Des ministres aux gestionnaires d’entreprises publiques en passant par des membres de la Céni, ces personnalités politiques n’ont pas échappé à la censure de ces deux organisations. Pour ces deux ONG, des anciens Premiers ministres comme Augustin Matata Ponyo et Adolphe Muzito, des ministres comme Tryphon Kin Kiey Mulumba ou encore des gestionnaires de projet à l’instar de Moïse Ekanga pourraient nuire au pays si jamais on leur confie de nouvelles responsabilités d’Etat.

Alors que le Premier ministre continue de faire des consultations en vue de la formation de son gouvernement, la société civile met en garde.

Pour la Ligue congolaise de lutte contre la corruption, c’est une question de principe. La bonne gouvernance et les antécédents de certaines personnalités politiques ne font pas bon ménage. Ainsi, pour un réel changement dans la gestion du pays, un grand ménage dans l’équipe gouvernementale s’impose.

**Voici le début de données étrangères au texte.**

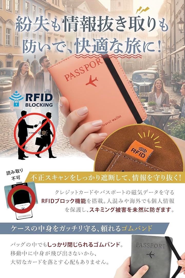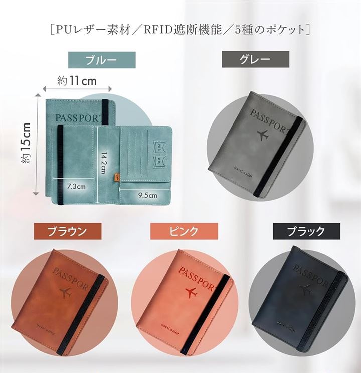 パスポートケース スキミング防止 カバー RFID対応 可愛い 首下げ 薄型 防水 コンパクト

« Ça serait une honte s’il recourait encore aux personnes qui ont mal géré pour leur donner des responsabilités politiques. Ça serait vraiment un mauvais signal envoyé à la population, aux partenaires. Ça nuirait même au gouvernement de Tschisekedi », prévient Ernest Mparoro, président de la Licoco, dans des propos rapportés par Rfi Afrique.